何十年先の君が目に浮かぶ
早く白髪になりたいと思う。
ずいぶんと若い頃から意識していた。
今とおしゃれに対する感性が違い髪を派手に染めていたときからすでに、
( 白髪がではじめたら染めるのやめよう。 白髪染めはできればしたくない。)
と思っていた。
染めた髪はきれいに白くなっていかないと聞いていたから。
結果的にすごく早い段階で自分の美的感覚は黒髪主義になってしまって、 無理に自分の美的欲求をコントロールする必要もなくなった。 なんて好都合。
だからあとは白くなって行くのを待つのみ。
早くなりたいのに。
出始めはきっと誰もが気にするのだと思う。
でもそれをやっとの思いで通り越したら、
人為的に脱色したのでは到底辿り着けない 見事なグレイヘアーが出現する。
黒からの脱色では、 絶対に無理だと思う。
近いところまで行けたとしても、 やはりわずかに黄ばんでいるし、 頭皮や毛髪にかかる強力な薬剤の負担が計り知れない。
だからやっぱり白髪は素晴らしい個性だと思う。
どんなに欲しくても、 若い段階では選ばれた人にしか与えられない。
おばあちゃんと言わずとも、 中年過ぎくらいからすでに 自分のビジョンがある。
白髪を白髪のままにして、 量の多いロングヘアーを真ん中分けにして、 後ろでひとつに結う。
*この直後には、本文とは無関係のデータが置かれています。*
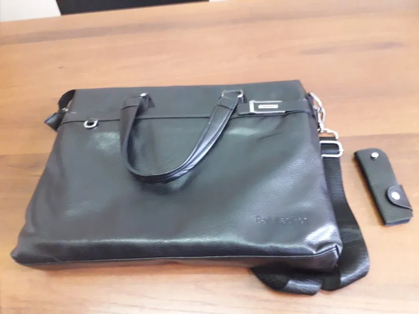 Сумка скорее мягкая, хорошо подойдёт для переноски документов, влезает небольшая папка А4 на кольцах, есть место для айпада, 2 кармана с внешней стороны на молниях. Молнии мягкие, кожзам приятный, строчки ровные. Если бы не плашка на лицевой стороне, было бы просто идеально. Да, ремень на плечо не из кожзам, а из ткани, но выглядит очень хорошо. Посылка приехала в Москву мега быстро, 11.11 заказала, 25.11 получила на почте. Щ Запаковано аккуратно, но края чуть помялись. В наборе шли также бумажник (влезает смартфон) и ключница из того же материала. Прям стильненько

それは艶のある真っすぐなポニーテールではなく、 もあもあした質感のものすごい太い毛束。
そんな魔女のようになりたい。
これが意外に万能なのだと思う。
古民家風家屋の台所でかっぽうぎを着た日本的なおばあちゃんでもかわいいし、 少しアメリカを感じるカントリーおばあちゃんにもよく合う。
画伯の休日のような ボーダーカットソーを着たヨーロッパの港町が似合うマリンガールおばちゃんでも素敵だし、
アルネブックス 「 大人のおしゃれ 」 に出てきそうな 全身モノトーンのギャルソンで固めたような凛としたおしゃれおばさんでもいい。
そして時々ばさっと全部髪を下ろし、 ドレスを着て、 ほんとに魔女になる。
その出で立ちで歌うのか、 はたまたカードや水晶玉を自在に操るのか。
時に妖しい、 すてきなNEOばあちゃんになりたい。
日常に戻ればまた長靴をはいて土いじりしたり野菜を干したりするような 不思議なおばあちゃんに。
実際のところ
「 肉は食べるな 」 と言っている若杉友子おばあちゃんが白髪一本なく黒黒としているように、
ゆるヴィーガン・マクロビアンである私も一向に白髪になってくれないんじゃなかろうか・・・
いいんだか よくないんだか。
年をとるのがたのしみ。
老いていくのが怖くないって、 すごく大きな財産のように思う。
ただ年をとっただけの、 変わらぬ笑顔で笑っていたい。